So what do we offer on Jumpstart today? Um many of these models, this is uh not designed for you guys to go ahead and, and read through it all. It's just designed to show that um many of the, the most relevant models in the space today are all available on, on Jumpstart.

So for example, the LAMA two family models, both uh 7 1340 billion parameters, both the base and the chat model, both uh for inference as well as fine tuning. Uh scripts are available for you use today. Uh the models from Falcon Mistral, as well as the key proprietary models providers are seeing in the space such as a, a 21 co here are all available.

So we're trying to bring what we think is the most relevant models uh to you and make those available directly within SageMaker. Um so they can be used with all of the SageMaker uh enterprise ready features and tools that, you know, uh and you'll see plenty of which are being um rolled out throughout the week today.

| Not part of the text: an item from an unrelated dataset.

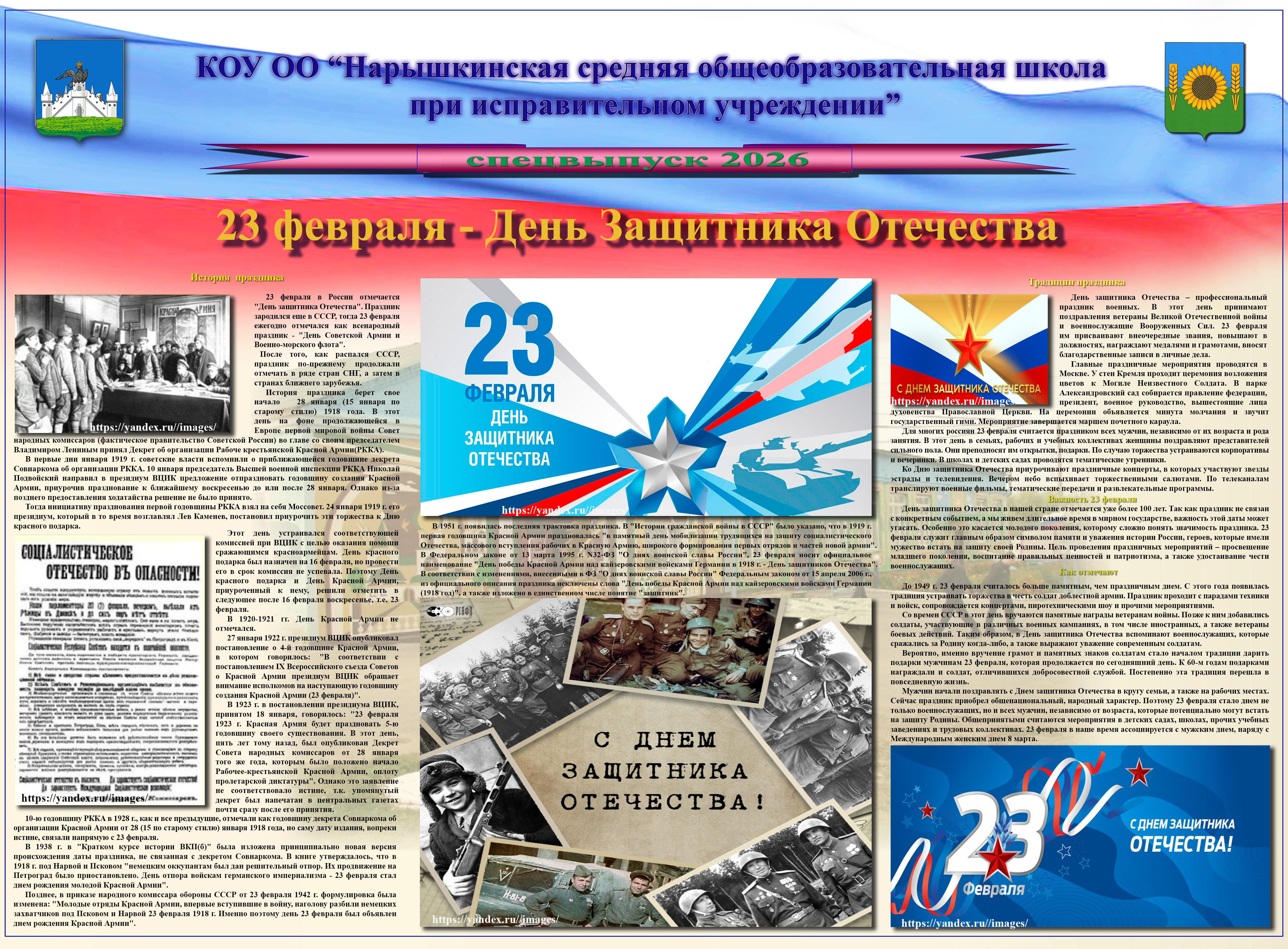 20 февраля 2026 г. в образовательном учреждении было проведено общешкольное мероприятие, посвящённое Дню защитника Отечества. (ответственный учитель истории Сенин Е.Е.). В мероприятии приняли участие обучающиеся 5, 6, 9, 10 и 11-х классов. Так же был издан спецвыпуск стенной печати, посвящённый этому знаменательному событию.

And that brings us to what Jeff is gonna talk about is the the number of open source models far extends beyond what's on this page. And so that's where we're really excited to deepen our partnership with Hugging Face, to make sure that whether you find the models on Hugging Face and deploy them into the SageMaker or if you're already a SageMaker customer, you want to start in SageMaker, you can find the best of Hugging Face. Um that's all available very simply and at your fingertips,

I want to bring this up um re regarding uh data protection and security because that's always a really critical question we get for customers that are going deep in the SageMaker. And I think there's really two components uh to the slide, I want you guys to walk away with.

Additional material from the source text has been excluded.